THE DATA
# # #
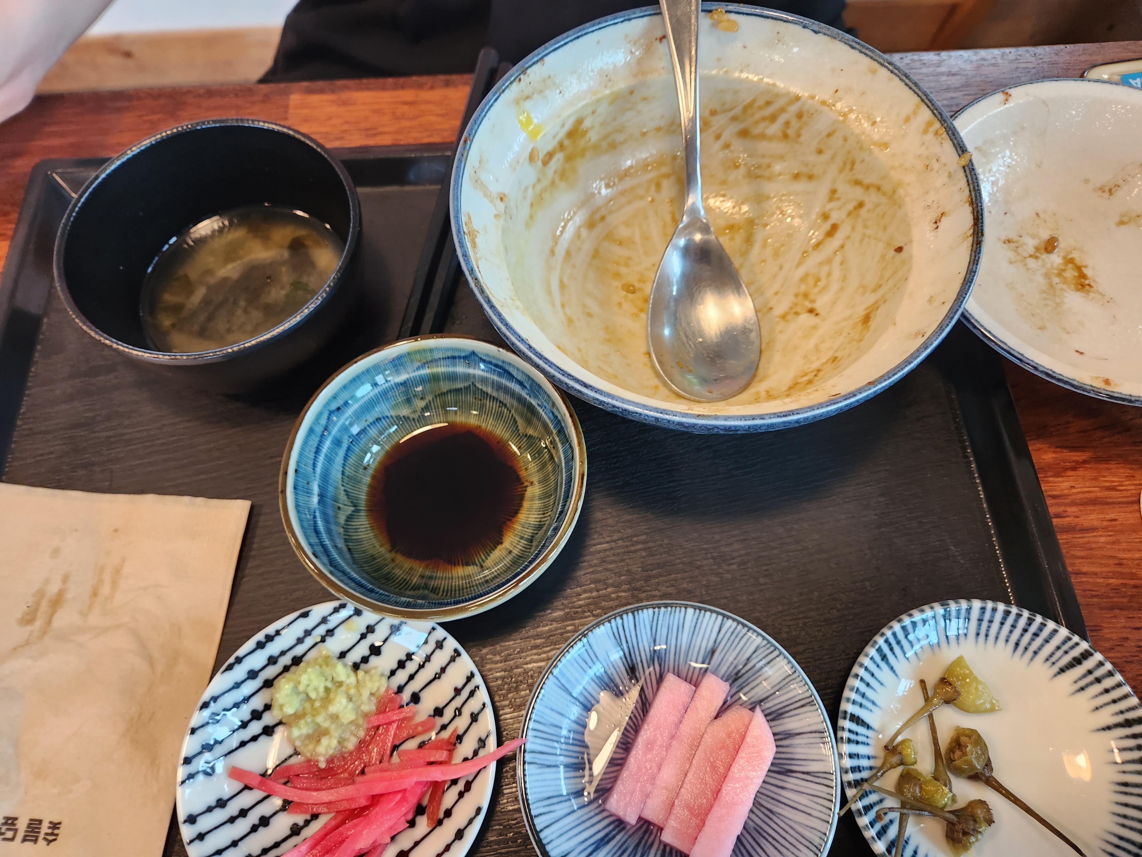 밑반찬은 무절임과 생강, 매운고추가 나와요.
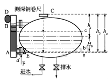 c)用測(cè)深鋼卷尺測(cè)量從測(cè)點(diǎn)到水面間的距離ha ,實(shí)際零位空高h(yuǎn)0=ha-D/2,此狀態(tài)即液位計(jì)測(cè)量零點(diǎn)。
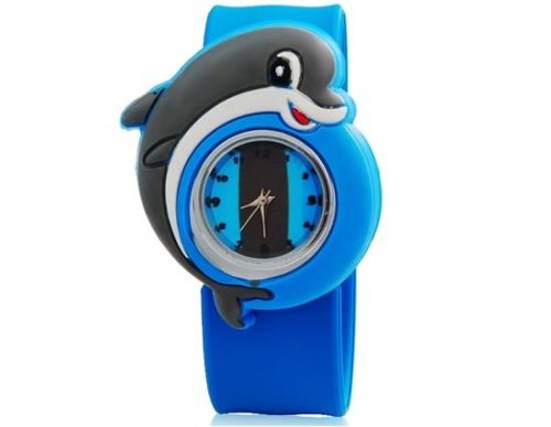 儿童可爱的海豚设计手表与塑胶表带(蓝色) M.
# # #
The answer must be the data above, repeated exactly, with no pictures.

 밑반찬은 무절임과 생강, 매운고추가 나와요.
 c)用測(cè)深鋼卷尺測(cè)量從測(cè)點(diǎn)到水面間的距離ha ,實(shí)際零位空高h(yuǎn)0=ha-D/2,此狀態(tài)即液位計(jì)測(cè)量零點(diǎn)。
 儿童可爱的海豚设计手表与塑胶表带(蓝色) M.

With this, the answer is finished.